| 要旨トップ | 目次 | | 日本生態学会第72回全国大会 (2025年3月、札幌) 講演要旨 ESJ72 Abstract |
一般講演(口頭発表) E02-10 (Oral presentation)
泥炭地は地球の陸地の約3%に過ぎないが、土壌中の炭素の約30%を蓄積し、地球温暖化の抑制に影響している。しかし、温度上昇による泥炭の分解が、CO₂や溶存有機物(DOM)を放出し、大気や水圏環境に悪影響を及ぼすことが懸念されている。泥炭の分解は、易分解性有機物を多く含む根からの滲出物(RE)が、土壌生物のプライミング効果を引き起こすことで進行するといわれている。しかし根の滲出物に含まれる有機物の分子レベルでの情報は、未だ十分に分かっていない。近年、質量分析の一つであるFT-ICR MSを用いて草本種のREの分子種が同定された。そこで本研究は、泥炭地の樹木のREについて、①FT-ICR MSによる分子種同定、②泥炭の分解の関連分子の探索、を目的とした。

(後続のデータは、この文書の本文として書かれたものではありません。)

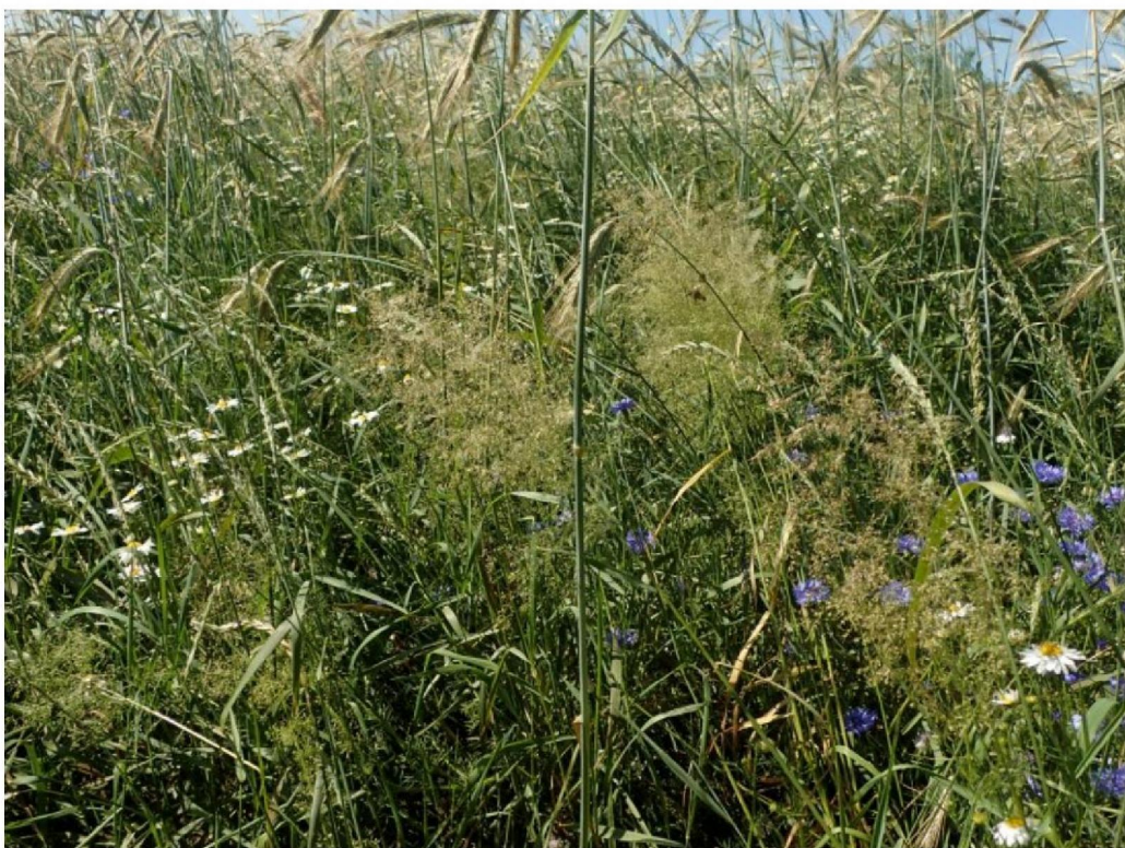
#20190627 Grote Windhalm in graanakker bij Heeminck
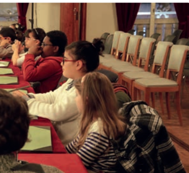
Tournage de l'émission « Coup de jeune », à Canal 32.
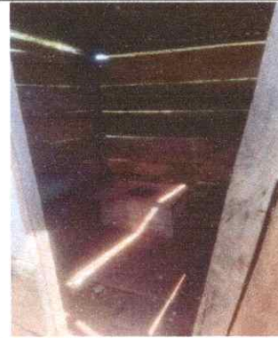
Sustitución de taza de letrina
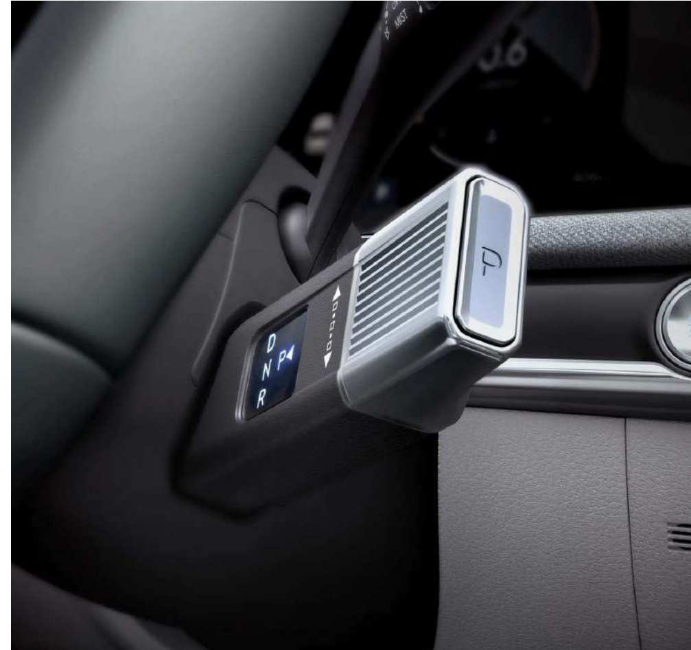
Руль бағанындағы беріліс селекторының интірегі (SBW)
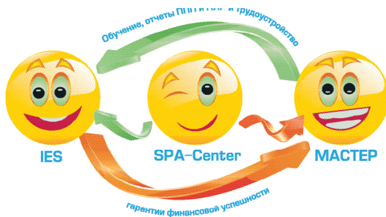
Схема 2. Система взаимодействия

2. Обучение будет лицензионным, то есть программа будет утверждена государством.
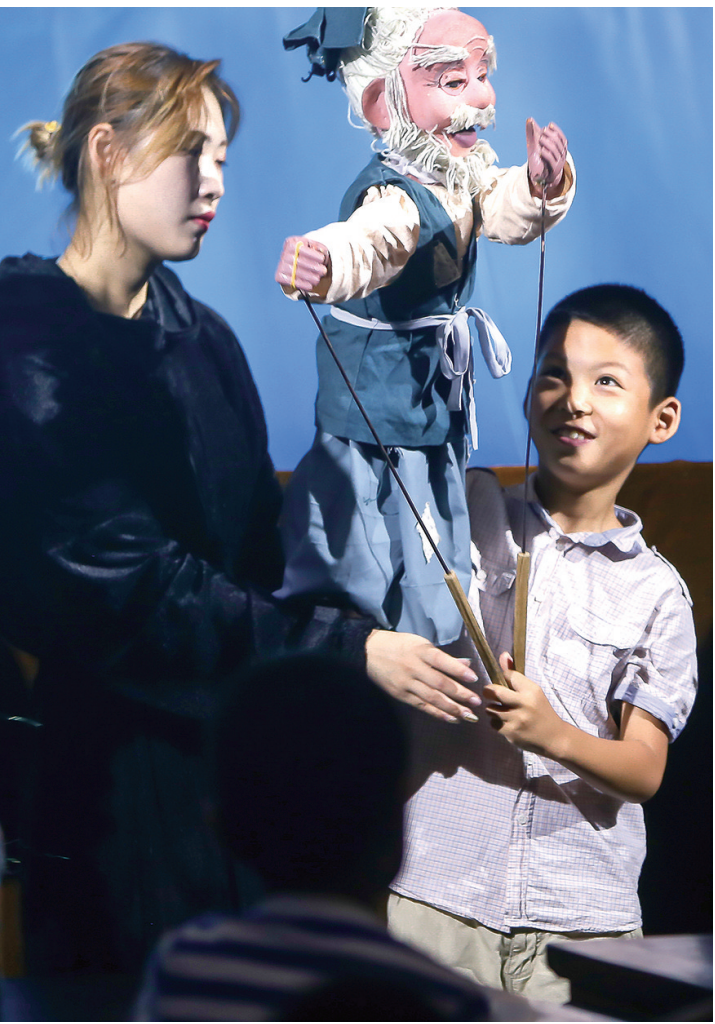
演出结束后的互动环节,小朋友亲手体验了一番木偶表演。
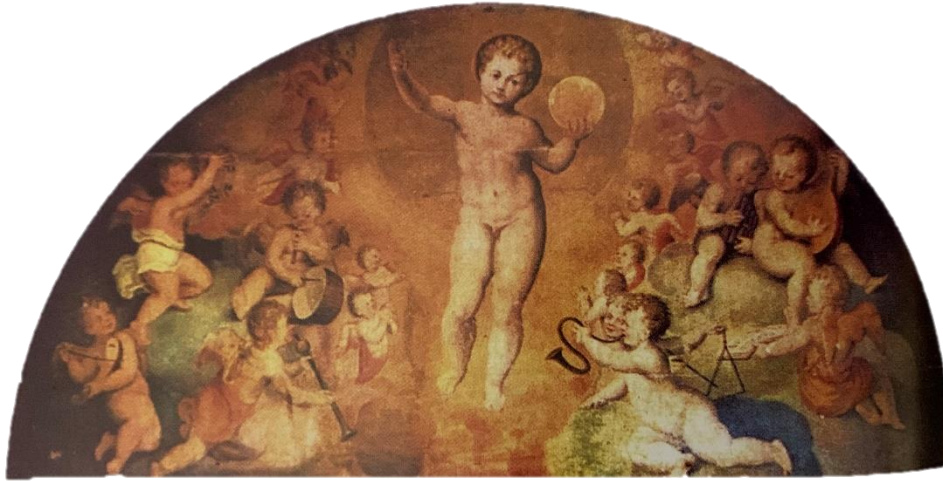
Fotografía nº7: Pintura del ático del retablo de la Visitación de la Catedral de Sevilla, obra de Pedro de Villegas. Imagen extraída de www.wikipedia.com (referencia de la pág. 53)
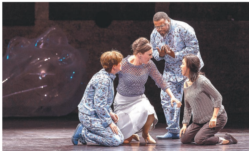
Квартет в начале второго отделения «Идомедея» похож на па-де-кватр

Публика приняла премьеру тепло, но далеко не так, как накануне принимала Шостаковича. Это были совершенно разные оттенки тепла.
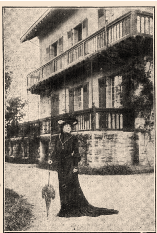
Image 2. Rosemonde Gérard devant la villa Arnaga. Les Annales... , 23 janvier 1910.

autrice 3 . Compagnes des gloires littéraires du temps, elles ne sont mises en lumière qu'en raison de ce statut, quelles que soient les activités qu'elles puissent mener parallèlement.
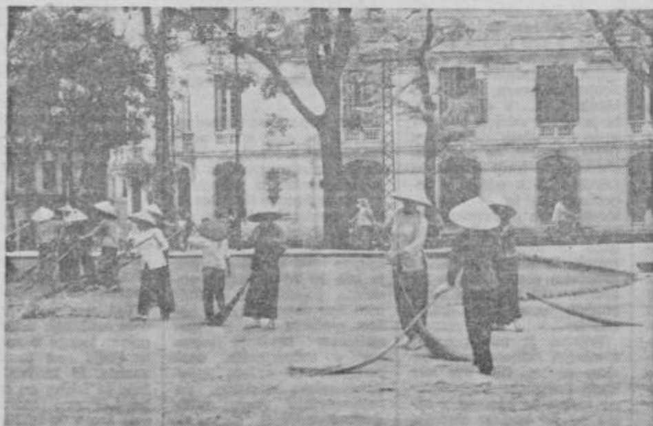
Poznavalci kontinentalne jugovzhodne Azije pravijo, da je Vietnam urejena in čista dežela. V bogatih in številnih parkih glavnega mesta Hanoija skrbijo za red takšnih »oddelkih« pometačev.
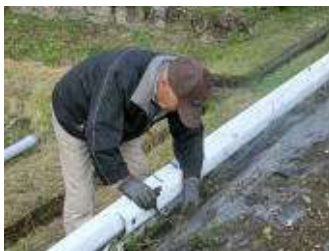
縣神社前の花壇の後片付け等

のお陰ですっかりきれいに片づけられました。また、花壇にはチューリップの植えもおこなわれました。桜和会の皆さんご苦労様でした。次回は「新入生児童のお祝い品づくり」を計画されています。「お～ わかい」パワーに圧倒された1日でした。

REはフィンランドにあるヨーロッパアカマツの泥炭地からフィリップス法を用いて採取した。その後、採取したREを泥炭に加え、泥炭を通って落ちてきた液体をREpとして採取した。本研究ではREを19サンプル採取し、そのうち5サンプルを分解実験に使用した。
採取したREとREpを FT-ICR MSで分析した。そして得られた炭素、水素、酸素の原子数からH/C値、O/C値を計算し、van Krevelen図を作成した。そしてH/C、O/C比により、脂質、タンパク質、アミノ糖/炭水化物、不飽和炭化水素、リグニン、タンニン、縮合芳香族化合物の7つの分子式グループに分けた。
本研究の結果、19サンプルのREには平均1077±496個、最大で1645個の異なる分子が含まれていた。どのサンプルのREもリグニンが最も多く、アミノ糖/炭水化物が最も少なかった。分子組成は泥炭に供与する前後で変化した。 実験の前後で、脂質、タンパク質、不飽和炭化水素の分子数に減少がみられ、リグニン、タンニン、縮合芳香族化合物には増加がみられた。